It doesn’t attempt to specify what consumers should do with the information once it is available, it just aims to define a way for tools creating and manipulating virtual environments to record information regarding the assumptions those tools were making when installing packages.

The proposal also covers a couple of other problems that come up with virtual environments:

• attempting to manage a single virtual environment with multiple tools, leading to it getting into an unexpected state
• not having a record of what the expected state of a virtual environment actually is (the package level RECORD files only record what is actually present, not what is expected to be present)

venv-info folder

The first part of the proposal is to standardise on venv-info as a new top level folder in virtual environments to hold information about the assumptions made when installing packages into that virtual environment.

The suggested name is derived from the venv stdlib module and the .dist-info suffix used on package installation metadata folders.

On its own, the folder serves as an unambiguous marker that a folder is a virtual environment (rather than something like a portable base Python runtime, such as those provided by python-build-standalone).

Custom metadata files

To avoid name clashes, all custom metadata files added to venv-info should be prefixed with the PyPI package name of the tool defining the custom metadata file (for example, venvstacks_layer.json).

Standardised metadata files

venv-info/MANAGER

Directly analogous to the INSTALLER file in dist-info directories, this file is for tools that manage virtual environments (like tox, nox, pdm, uv, pipx, poetry, venvstacks, etc) to record that the environment has been created by a specific tool.

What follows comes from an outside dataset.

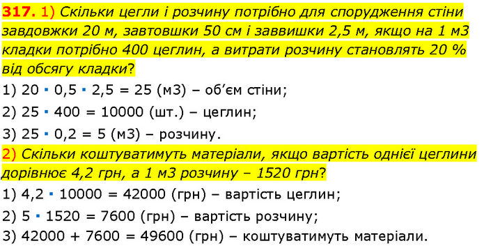 1) Скільки цегли і розчину потрібно для спорудження стіни завдовжки 20 м, завтовшки 50 см і заввишки 2,5 м, якщо на 1 м3 кладки потрібно 400 цеглин, а витрати розчину становлять 20 % від обсягу кладки? 1) 20 ∙ 0,5 ∙ 2,5 = 25 (м3) – об’єм стіни; 2) 25 ∙ 400 = 10000 (шт.) – цеглин; 3) 25 ∙ 0,2 = 5 (м3) – розчину. 2) Скільки коштуватимуть матеріали, якщо вартість однієї цеглини дорівнює 4,2 грн, а 1 м3 розчину – 1520 грн? 1) 4,2 ∙ 10000 = 42000 (грн) – вартість цеглин; 2) 5 ∙ 1520 = 7600 (грн) – вартість розчину; 3) 42000 + 7600 = 49600 (грн) – коштуватимуть матеріали.
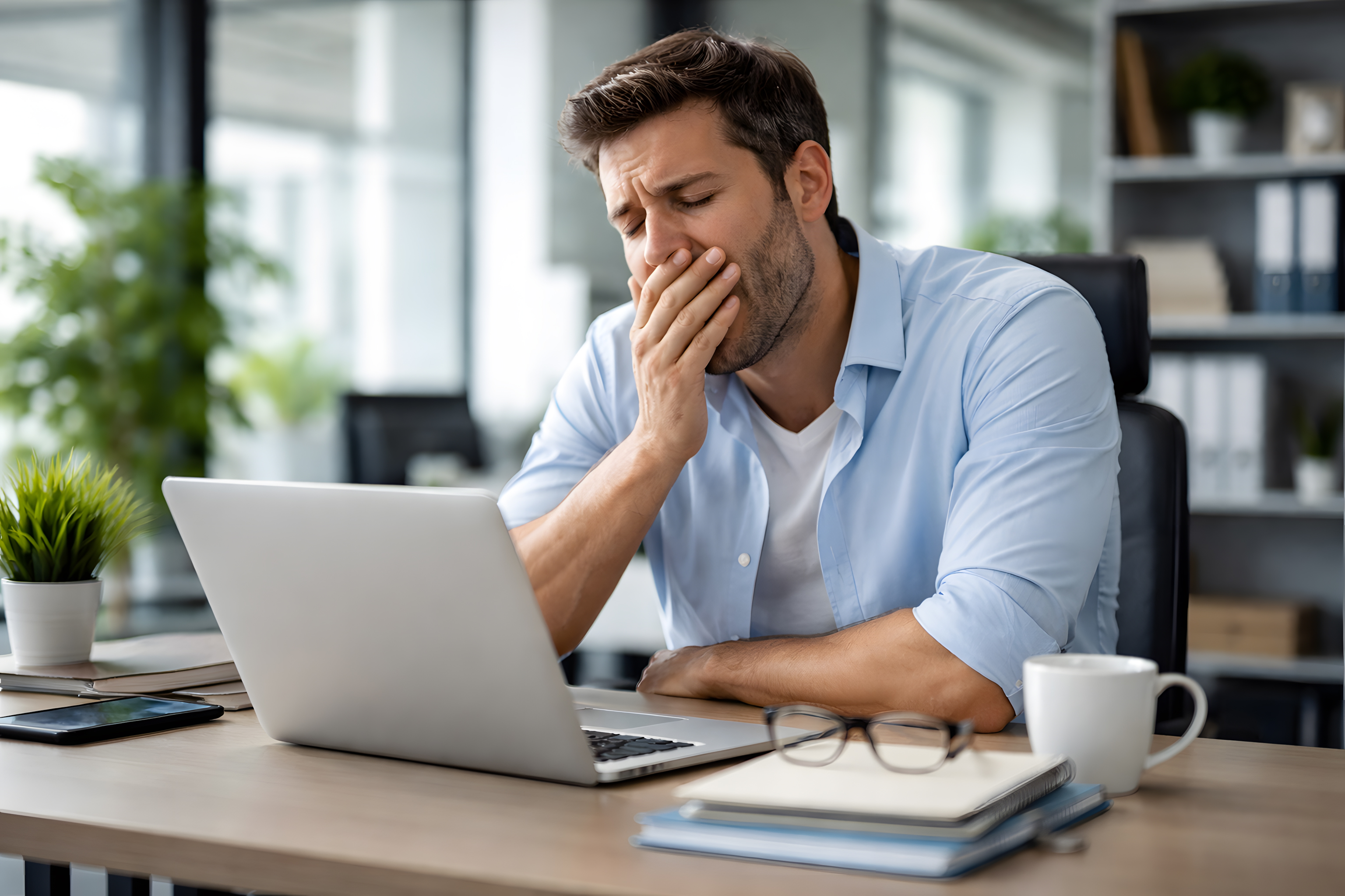 Auf dem Foto ist ein gestresster Mann zu sehen, der an seinem Laptop im Büro sitzt. Mit gesenktem Blick und der Hand vor dem Gesicht scheint er überfordert und frustriert zu sein. Die Körperhaltung und der Gesichtsausdruck deuten auf Müdigkeit, Erschöpfung und Konzentrationsschwierigkeiten hin.

This will allow for a better UX when someone does something like run uv lock in a project folder managed by pdm and vice-versa (at least in cases where the .venv/venv-info/MANAGER file already exists)

venv-info/pylock.toml

This internal lock file would record the list of packages that are expected to be present in the environment. Optionally, it may also record the provenance of those packages (by including the details of the wheels or source artifacts that were used to perform the package installation).

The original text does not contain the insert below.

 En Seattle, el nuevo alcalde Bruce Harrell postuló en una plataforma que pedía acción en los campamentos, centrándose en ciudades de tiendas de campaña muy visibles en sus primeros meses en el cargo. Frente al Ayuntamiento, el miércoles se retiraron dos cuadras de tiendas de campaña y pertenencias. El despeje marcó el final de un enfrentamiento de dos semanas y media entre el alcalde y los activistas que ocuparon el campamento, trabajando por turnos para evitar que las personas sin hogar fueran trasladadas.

These lock files should NOT include any non-empty marker fields, as they’re a record of packages that are actually installed in the environment, not packages which might need to be installed under different circumstances.

venv-info/environment.json

This would be a JSON file, initially defined with a single top-level markers key. This subdictionary would hold a record of the environment markers that were in effect when the environment was set up. The extra, extras, and dependency_groups keys that are used for package selection at installation time are intentionally omitted.

For example:

{
  "markers": {
    "implementation_name": "cpython",
    "implementation_version": "3.13.7"
    "os_name": "posix",
    "platform_machine": "x86_64",
    "platform_python_implementation": "CPython",
    "platform_release": "6.6.87.2-microsoft-standard-WSL2",
    "platform_system": "Linux",
    "platform_version": "#1 SMP PREEMPT_DYNAMIC Thu Jun  5 18:30:46 UTC 2025",
    "python_full_version": "3.13.7",
    "python_version": "3.13",
    "sys_platform": "linux"
  }
}

The top level “markers” key is used to allow us to potentially add more information to this file in the future. Possible additions include more hardware details, operating system details in platform specific formats (e.g. capturing the contents of /etc/os-release on Linux), or other elements used in wheel selection (such as the target macOS version, or the Linux libc compatibility target).

Out of scope

Capturing info for base runtime environments

The environment.json and pylock.toml files would potentially also be relevant for base Python runtime environments.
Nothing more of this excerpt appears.